Abbey arrived safely in heaven. Having the picture was a big help. I recognized Abbey right away.

Abbey isn't sick anymore. Her spirit is here with me just like it stays in your heart. Abbey loved being your dog.

Since we don't need our bodies in heaven, I don't have any pockets to keep your picture in, so I am sending it back to you in this little book for you to keep and have something to remember Abbey by.

Thank you for the beautiful letter and thank your mother for helping you write it and sending it to me. What a wonderful mother you have. I picked her especially for you.

I send my blessings every day, and remember that I love you very much.

By the way, I'm easy to find, I am wherever there is love.
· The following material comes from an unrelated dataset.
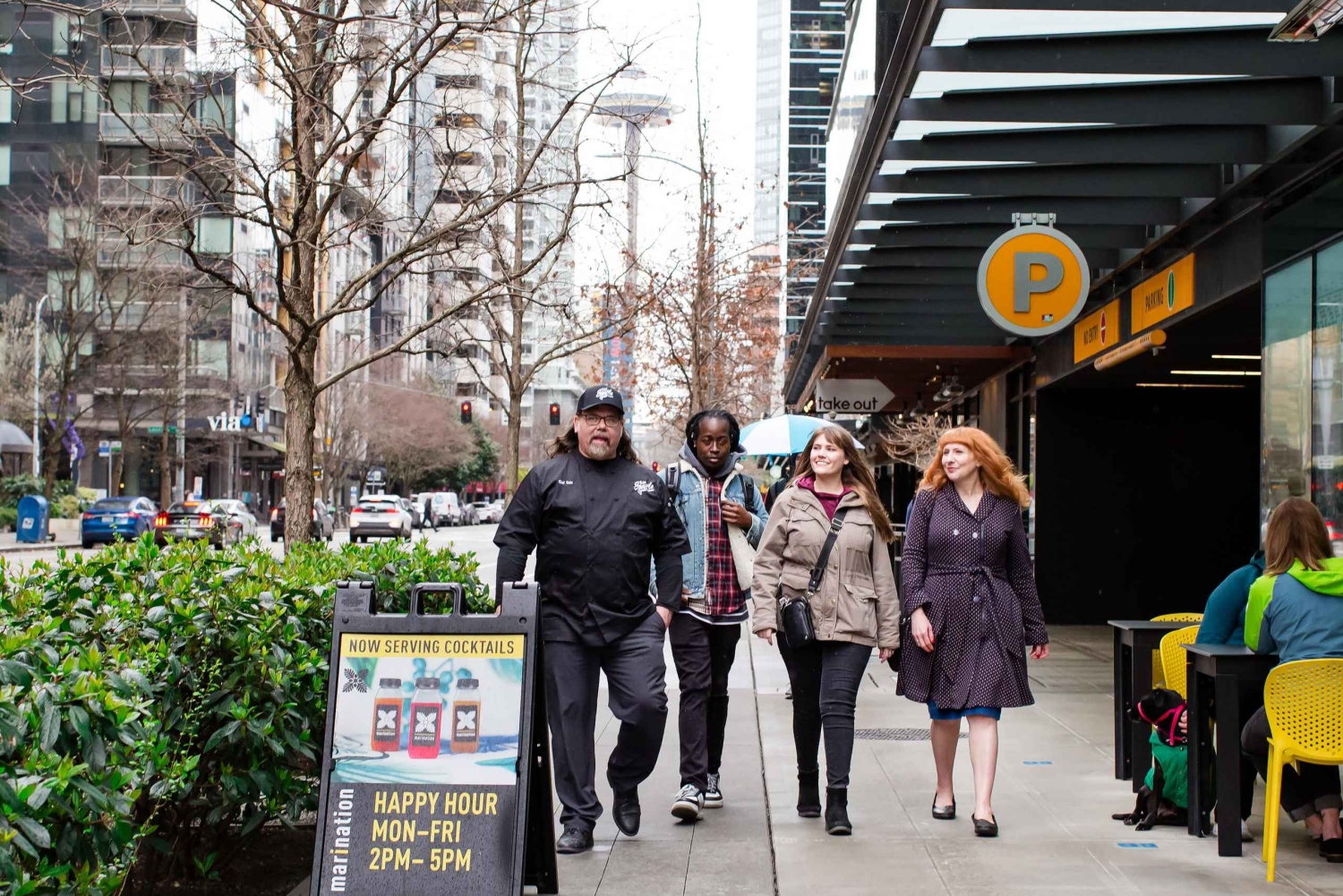 Tag med på Happy Hour madtur og cocktails! Nyd gademad og drinks ved 4 stop. Oplev Seattles madscene med en kok, hver 17.00-19.00 fredag og lørdag!

(I'm sure I won't be the only one to have tears in my eyes at this point.) I don't know who the original author was; feel free to share if you have any more info!

Monday, March 2, 2009

More Snowy Pictures

Well, I did have to go in to work today, but the office opened two hours late, so I still had time to take Rosie out and get some more pictures. I've got to figure out how to upload video from my camera; she was completely nuts in the snow...well, at least for her!

This morning, our snowman had collected even more snow. You may notice his mouth disappeared; his head fell off after we went inside and I had to re-do it. I suspect foul play, but since he didn't seem to mind, we won't pursue it.

The daffodils were a little less happy with the snow...

"Gee Hon, how much snow did we get?"

"Uh...well...er...a bunch!"

Every branch covered with snow. Actually, a lot of it had plopped off by the time I took these pictures.

Then the sun came out and turned icy branches into lacy diamonds...only the camera didn't do a great job of capturing the sparkle. My pea-trellis-in-progress was totally transformed into modern art.

The sun came out again in the afternoon, so, as usual, most of the snow melted. But there's still a nice layer on the east-facing rooftops and north-facing hills. I haven't heard the scrunch of snow under my boots in 8 years, so I actually got pretty excited about this snowfall. Pretty weird for someone who grew up in the snow belt! It's true; snow is better in the south. 'Cause it goes away so quickly!